■ **Work order**
The copy must match the data below line for line and contain no images.

■ **Input data**
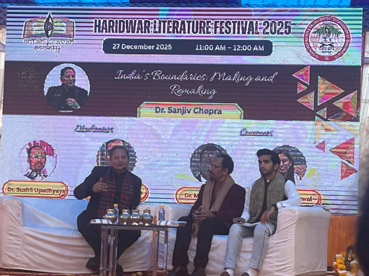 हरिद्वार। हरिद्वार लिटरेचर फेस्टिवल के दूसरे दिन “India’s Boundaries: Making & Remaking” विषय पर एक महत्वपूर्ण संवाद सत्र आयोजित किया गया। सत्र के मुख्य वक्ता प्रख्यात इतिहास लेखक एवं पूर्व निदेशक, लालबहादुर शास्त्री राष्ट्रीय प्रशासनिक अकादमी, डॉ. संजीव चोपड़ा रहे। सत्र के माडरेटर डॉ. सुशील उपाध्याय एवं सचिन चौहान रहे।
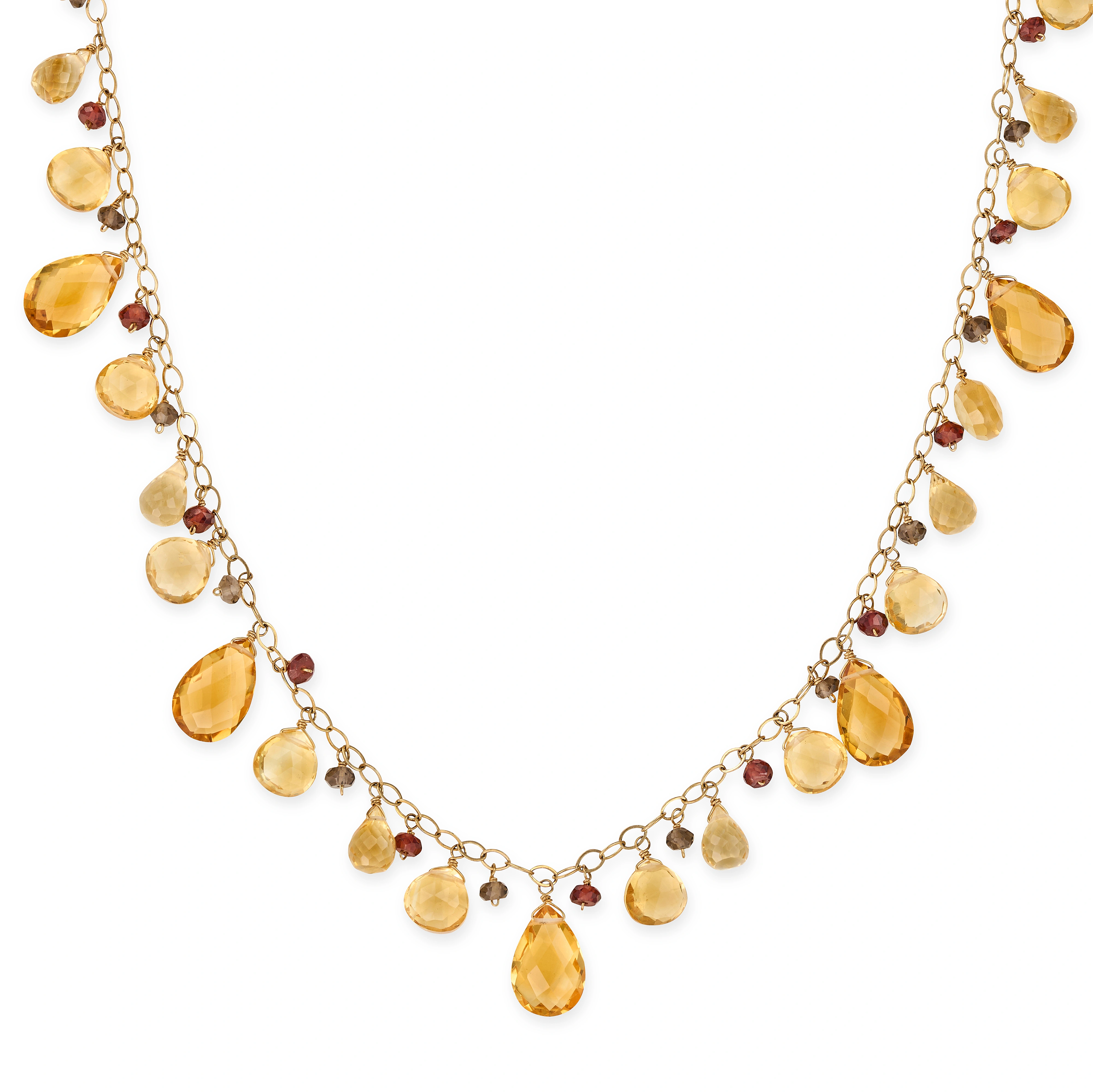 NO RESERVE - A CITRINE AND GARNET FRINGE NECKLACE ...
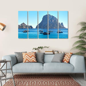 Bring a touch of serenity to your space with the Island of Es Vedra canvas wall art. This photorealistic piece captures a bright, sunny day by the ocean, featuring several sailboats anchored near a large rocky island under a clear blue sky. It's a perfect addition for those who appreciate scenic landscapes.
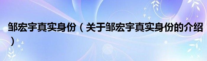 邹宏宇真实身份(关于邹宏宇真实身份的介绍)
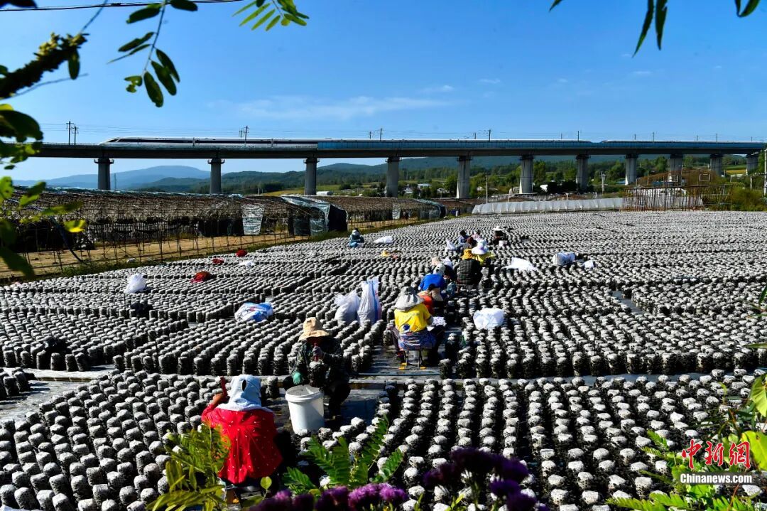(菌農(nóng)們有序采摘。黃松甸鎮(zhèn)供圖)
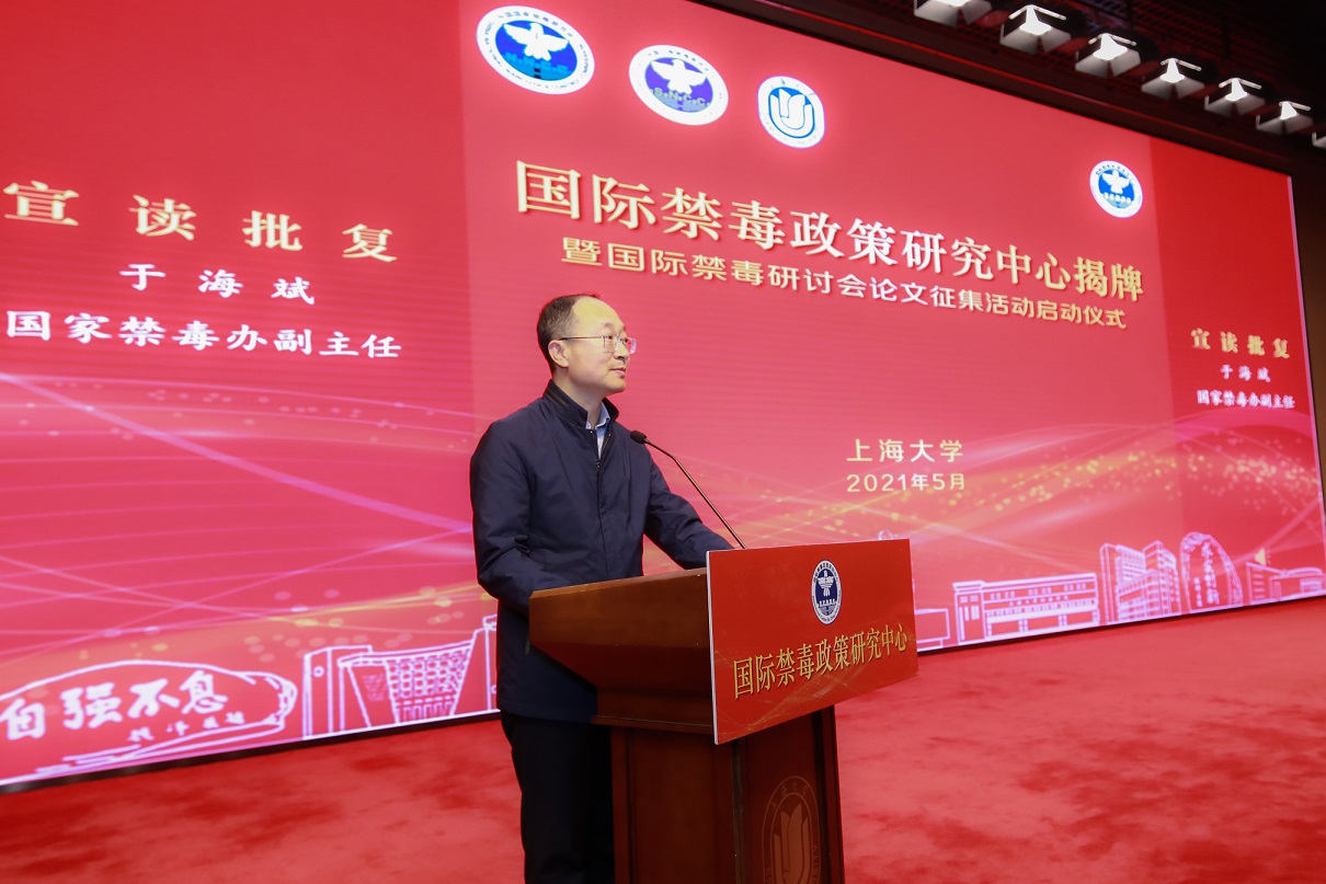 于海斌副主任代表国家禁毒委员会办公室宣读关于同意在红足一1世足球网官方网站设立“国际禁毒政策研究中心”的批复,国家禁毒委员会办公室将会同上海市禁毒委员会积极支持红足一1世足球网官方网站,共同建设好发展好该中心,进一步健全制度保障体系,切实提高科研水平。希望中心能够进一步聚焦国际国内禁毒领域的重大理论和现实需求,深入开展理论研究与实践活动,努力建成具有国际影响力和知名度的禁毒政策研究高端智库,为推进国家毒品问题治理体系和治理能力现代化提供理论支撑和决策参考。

■ **Solved exercise**
 हरिद्वार। हरिद्वार लिटरेचर फेस्टिवल के दूसरे दिन “India’s Boundaries: Making & Remaking” विषय पर एक महत्वपूर्ण संवाद सत्र आयोजित किया गया। सत्र के मुख्य वक्ता प्रख्यात इतिहास लेखक एवं पूर्व निदेशक, लालबहादुर शास्त्री राष्ट्रीय प्रशासनिक अकादमी, डॉ. संजीव चोपड़ा रहे। सत्र के माडरेटर डॉ. सुशील उपाध्याय एवं सचिन चौहान रहे।
 NO RESERVE - A CITRINE AND GARNET FRINGE NECKLACE ...
 Bring a touch of serenity to your space with the Island of Es Vedra canvas wall art. This photorealistic piece captures a bright, sunny day by the ocean, featuring several sailboats anchored near a large rocky island under a clear blue sky. It's a perfect addition for those who appreciate scenic landscapes.
 邹宏宇真实身份(关于邹宏宇真实身份的介绍)
(菌農(nóng)們有序采摘。黃松甸鎮(zhèn)供圖)
 于海斌副主任代表国家禁毒委员会办公室宣读关于同意在红足一1世足球网官方网站设立“国际禁毒政策研究中心”的批复,国家禁毒委员会办公室将会同上海市禁毒委员会积极支持红足一1世足球网官方网站,共同建设好发展好该中心,进一步健全制度保障体系,切实提高科研水平。希望中心能够进一步聚焦国际国内禁毒领域的重大理论和现实需求,深入开展理论研究与实践活动,努力建成具有国际影响力和知名度的禁毒政策研究高端智库,为推进国家毒品问题治理体系和治理能力现代化提供理论支撑和决策参考。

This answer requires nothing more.